A la mañana siguiente, después de lavarse, Su Ranran bajó las escaleras dispuesta a ir a ver a los niños en Star River Bay.

No esperaba que Li Chengyuan se levantara antes que ella; ya estaba vestido y sentado en el comedor.

Ella pensó en hacer como si no lo viera, pero él la llamó:

“Ven a desayunar y dime dónde trabajas, te llevaré.”

Su Ranran no fue al comedor y respondió de manera brusca: “No es necesario, conduciré yo misma”.

Ni siquiera quería desayunar y quería irse.

Pero antes de que pudiera dar dos pasos, la fría voz de Li Chengyuan sonó de nuevo:

“Su Ranran, no me hagas enojar, o no podrás soportar las consecuencias.”

Al escuchar esto, Su Ranran se asustó un poco.

No tuvo más remedio que ir al comedor y sentarse, evitando mirarlo a los ojos mientras comía en silencio.

Li Chengyuan la observaba.

Veía que Su Ranran tenía facciones delicadas y era delgada; a pesar de tener 24 años, todavía parecía una joven universitaria.

Además, cuando estaban en la cama, había visto claramente que no tenía signos de haber tenido hijos.

Así que esos dos niños definitivamente no podían ser suyos biológicos.

Decidió creerla y su voz se volvió más amable:

“¿Qué trabajo haces?”

Admitió que la había ignorado hasta ahora.

A partir de ahora, prestaría más atención a ella, la trataría bien y haría que dejara de pensar en el divorcio.

Su Ranran seguía comiendo en silencio, pensando rápidamente en qué palabras usar para engañar a ese hombre.

Después de un rato, respondió de manera evasiva: “Trabajo en una tienda.”

En realidad, no tenía trabajo alguno fuera.

Cuando estaba en el extranjero, por los niños, no terminó sus estudios.

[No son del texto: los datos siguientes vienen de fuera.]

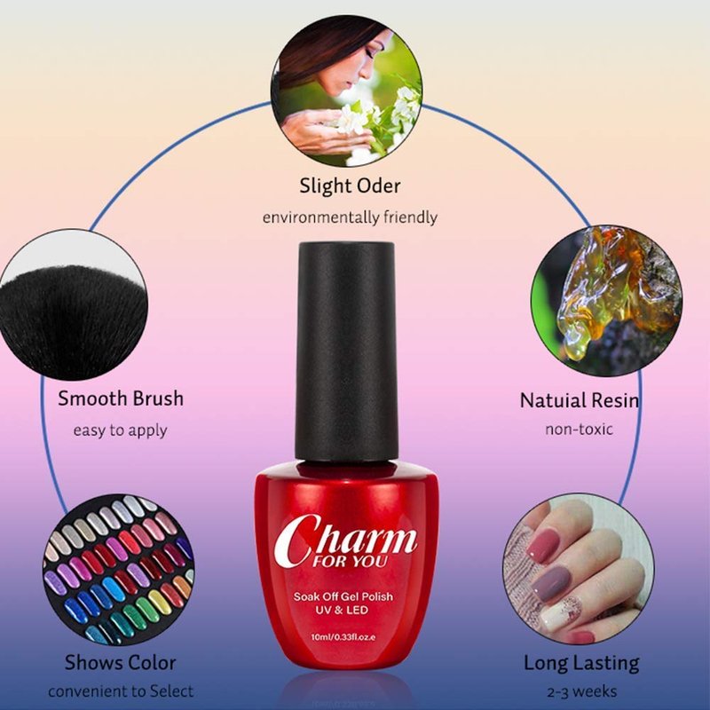 • HEALTHY INGREDIENTS:Our gel polish is made of natural resin, non-toxic formula. They are low odor, rich color, middle consistency, self-evenly, no shrink and edge.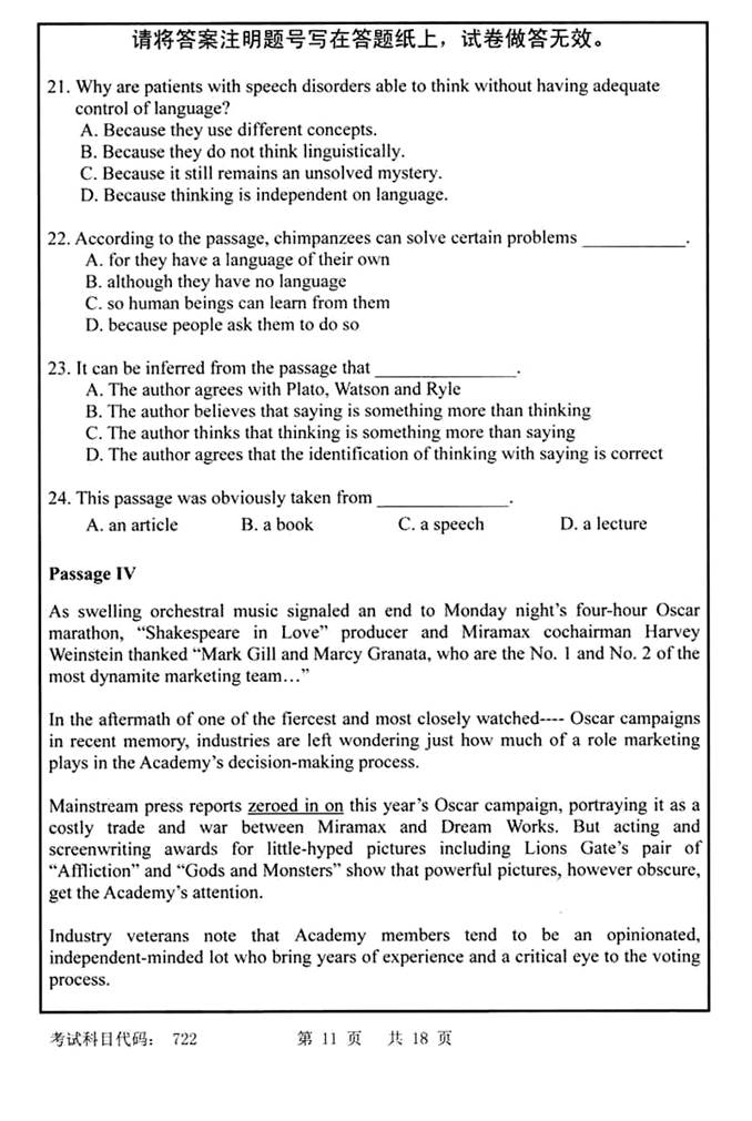 2011年首都师范大学722英语综合水平(词汇、语法、阅读、翻译、写作等)考研真题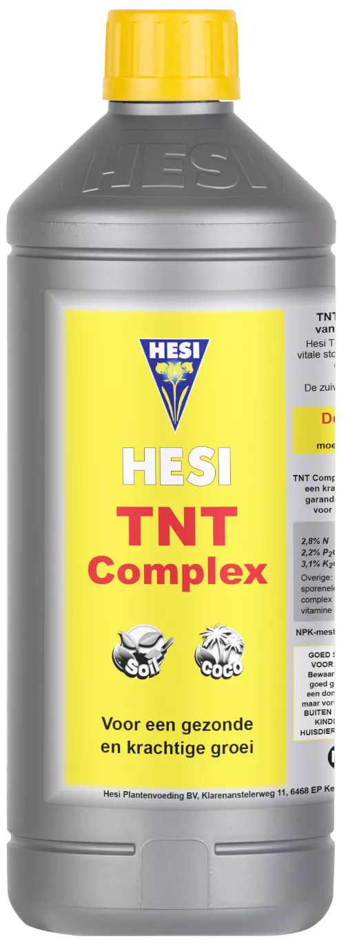 Een krachtige plantenvoeding voor de groei Hesi TNT-Complex is een zeer complete plantenvoeding die gebruikt kan worden bij de hobbykweek op aarde.

Pero se había convertido en escritora para revistas y enviaba dos artículos al mes, lo que le permitía ganar lo suficiente para mantenerse.

Li Chengyuan preguntó de nuevo:

“¿En qué tienda? Te llevaré allí en un momento.”

Su Ranran rechazó inmediatamente: “No es necesario.”

Li Chengyuan no le hizo caso y, después del desayuno, la llevó personalmente hasta su coche.

Su Ranran sabía que no podía rechazarlo, así que mencionó una tienda cercana a Star River Bay.

De todos modos, Li Chengyuan no iba a ir realmente a esa tienda para verificarlo.

Mientras Li Chengyuan la llevaba en coche a la tienda, recibió una llamada de Lu Chen.

Li Chengyuan se puso los auriculares Bluetooth y el interlocutor le informó:

“Presidente, los resultados de las pruebas están listos. Esos dos niños son realmente hijos de su esposa.”